Knowing this, it stands to reason that the better the food, the better the nutrients, the better our bodies will perform.
Food / Nutrition Science
Food is мейд up of 2 distinct types of nutrients:
- Macronutrients like protein, fat, carbohydrates and water
- Micronutrients such as vitamins and minerals
Remember the old saying, “You are what you eat”? It’s completely spot on. The body is built from the all of the above nutrients and needs all of the above nutrients to function.
Proteins create new cells in the body, which make it possible for you to perform basic bodily functions like seeing, thinking, hearing and moving. Although protein does give you energy, it takes a long time to metabolize it. That’s where carbs come in. Proteins are especially important after your workout because they repair the muscle tissue that just got beat up.

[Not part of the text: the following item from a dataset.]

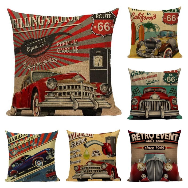 18″ Vintage Retro Automobile Car Print Throw Pillow Cover

Carbohydrates sometimes get a bad rap. Many people mistakenly think of carbs as ‘fattening’ and try to avoid them at all costs. In fact, people can better control their weight by selecting high carb, high fiber foods (think fruit, veg & whole grains, not necessarily pasta and potatoes) but limiting their fat-rich foods. The majority of your energy comes from your carbohydrates however if your diet provides more carbs than you need and you haven’t burned the additional calories not used as energy, the excess will be stored as fat.
Speaking of which, here’s a sentence you probably never thought you’d see, ‘A healthy body needs fat’. There are good and bad fats. Monounsaturated and Polyunsaturated fats are known as the “better” fats, which can lower bad cholesterol levels and are beneficial when consumed in moderation. The bad fats, saturated and trans fats raise bad cholesterol (LDL) levels in your blood. The body has visible fat i.e. that which is visible on the body and invisible fat, which is the fat that surrounds and protects our organs inside us. Getting the right amount of fat in your diet is a balancing act. Too much fat will increase the risk of obesity, heart disease, diabetes amongst others. Too little fat can affect children’s growth, our immune system, skin and vision. Your body doesn’t need saturated fats, bad cholesterol (LDL) or trans fats from food so keep these to a minimum.
All foods have fat but foods like fruits and veg, whole grains, fish, low fat dairy products and skinless poultry generally have good quality and are low-fat. Steer clear of butter, lard and processed foods like cakes, some breads, canned or frozen meats and dishes.
The key here is to be sensible and knowledgeable so YOU know if you should or shouldn’t be eating something.
Cooking and Nutrition
From my point of view as a chef, I promote cooking food that actually comes from the ground as opposed to a box and naturally raised grass fed meat, poultry and wild seafood. Some people associate cooking healthy food as boring and tasteless but I’m here to show you how to cook tasty, easy to do, flavorful and most importantly healthy food.
Cooking changes the way food feels, looks, tastes and smells. Ever smell a fragrant aroma coming from the kitchen that puts a smile on your face? My goal is for you to enjoy eating and cooking healthy food and most importantly enjoy being healthy overall.